Since OptiTrack cameras have a ring of infrared LEDs built directly around the lens, and these LEDs pulse in sync with the camera's shutter — they fire a burst of near-infrared light at the same instant the camera exposes. The markers on the suit are retroreflective, meaning they return light directly back toward its source rather than scattering it in all directions. Road signs work the same way — they're covered in tiny glass beads or prismatic material that bounces your headlights straight back at you regardless of angle. The camera lens has an infrared bandpass filter on it. This filter blocks visible light entirely and only lets through the specific infrared wavelength the LEDs emit — typically around 850nm or 940nm, which sits just outside what the human eye can see. From the camera's perspective, the entire world goes black. The only things that register are the markers, which appear as intensely bright white points against a pure black field.This is why the volume's lighting doesn't matter. The stage can be lit however it needs to be for reference cameras and crew visibility. The mocap cameras don't see any of it. They see only the markers.
Rigid body literally means rigid body as defined in physics books: "A rigid body is an idealized solid object in classical mechanics that does not deform, flex, or change shape, meaning the distance between any two points on it remains constant, regardless of forces applied. It is defined by 6 degrees of freedom (3 translational, 3 rotational) and is used to analyze translation, rotation, and complex motion. "
Here, the rigid body we use is just a block with tentacles with retroreflective markers on ir ends. This is where the camera is in the volume, but since the volume is fully CG, the camera doesn't have to be a real camera with a real lens, since it doesn't need to "see" the real world, it only needs to "see" the CG world, "if" at this location, there's a lens pointing this direction. Does that make sense?

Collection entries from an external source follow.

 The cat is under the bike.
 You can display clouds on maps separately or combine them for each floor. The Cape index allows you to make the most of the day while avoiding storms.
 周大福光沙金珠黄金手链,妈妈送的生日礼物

So you wave the virtual camera, which is just a marked rigid body, the image is fed to a monitor, and you can see what the lens would see if this CG environment was real, and if this virtual camera was really this lens pointing at this direction. Unless you need to composite CG environment with practical environment in real time, you can just use this rigid body as a virtual camera. But if you need to composite practical and virtual in real time, you gotta attach it to a real camera, have the camera's image and virtual camera's image combine in real time.

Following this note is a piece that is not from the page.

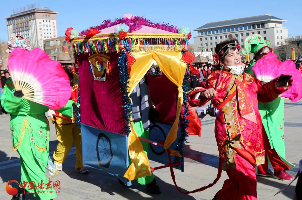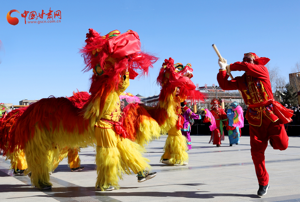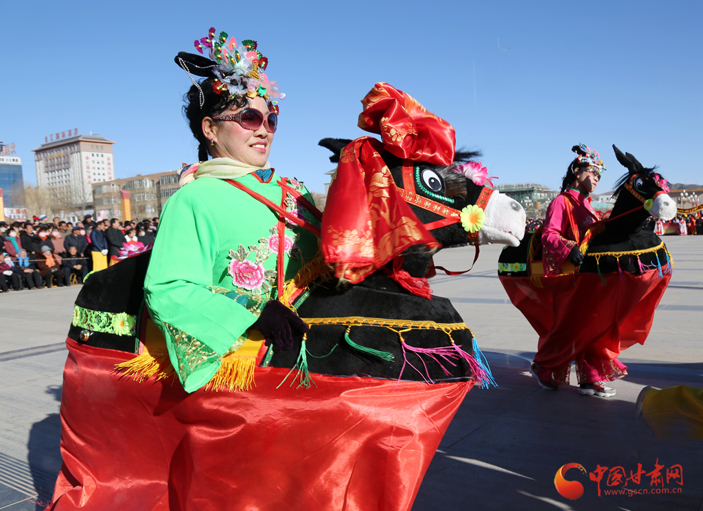 2月11日,来自金昌市永昌县的6支社火队正在为市民表演民俗节目。

What will add another layer of complexity to this, is when you want to add a motion captured character, aka someone wearing a screen suit with markers attached all over like this:

Because now you need to composite this on top of virtual camera's feed, real camera's feed. This processing system is a chain of five distinct systems, each feeding the next, all running simultaneously at a speed that kept the total latency below what a human brain registers as delay. Break it down step by step.
The same optical mocap units that tracked the performers' body markers also tracked the virtual camera rig. Retroreflective markers were attached to the rig at known positions. The markers relationship to each other solves their position in three-dimensional space at every frame — the same triangulation process used for the actors, applied to a physical object rather than a person. This gave the system a continuous, precise description of where the virtual camera was in the volume, how it was oriented, and how it was moving, updated in real time. Alongside the positional tracking, the Overdrive system developed by Concept Overdrive (https://conceptoverdrive.com/products/control_sys.php) pulled lens data from Vince Pace (Cinematographer)'s camera hardware — focus, iris, zoom, interocular and convergence in real-time — and used that information to come up with a camera solve, knowing where it was in 3D space.

Simultaneously, the mocap system was processing the actors' marker data into skeleton solves. They solved the characters in real time, solving for a skeleton and retargeting to the CG character, as we mentioned in the mocap post. The retargeting happened immediately — the human performer's joint angles and velocities translated into the Na'vi character's skeleton in the same processing pass. The real-time solve was approximate — good enough to evaluate performance, not good enough to animate from directly without cleanup.

Both data streams — the camera solve and the character solves — fed into Autodesk MotionBuilder, which was the hub of the real-time pipeline. They streamed into MotionBuilder, which is the industry-standard viewing tool, live on set. MotionBuilder crashed all the time. MotionBuilder received the incoming data streams and maintained a live scene: Na'vi characters moving through a virtual environment, seen from a camera that matched the position and lens properties of the physical rig Cameron was holding.

What Cameron saw in the viewfinder wasn't Weta's final-quality Pandora. It couldn't be — rendering Weta's final environments in real time was computationally impossible in 2009. What he saw was a purpose-built real-time version of the environments, constructed specifically for the virtual production phase. LightWave created all of the assets for the real-time virtual sets and MotionBuilder was used because it has a more robust real-time OpenGL engine.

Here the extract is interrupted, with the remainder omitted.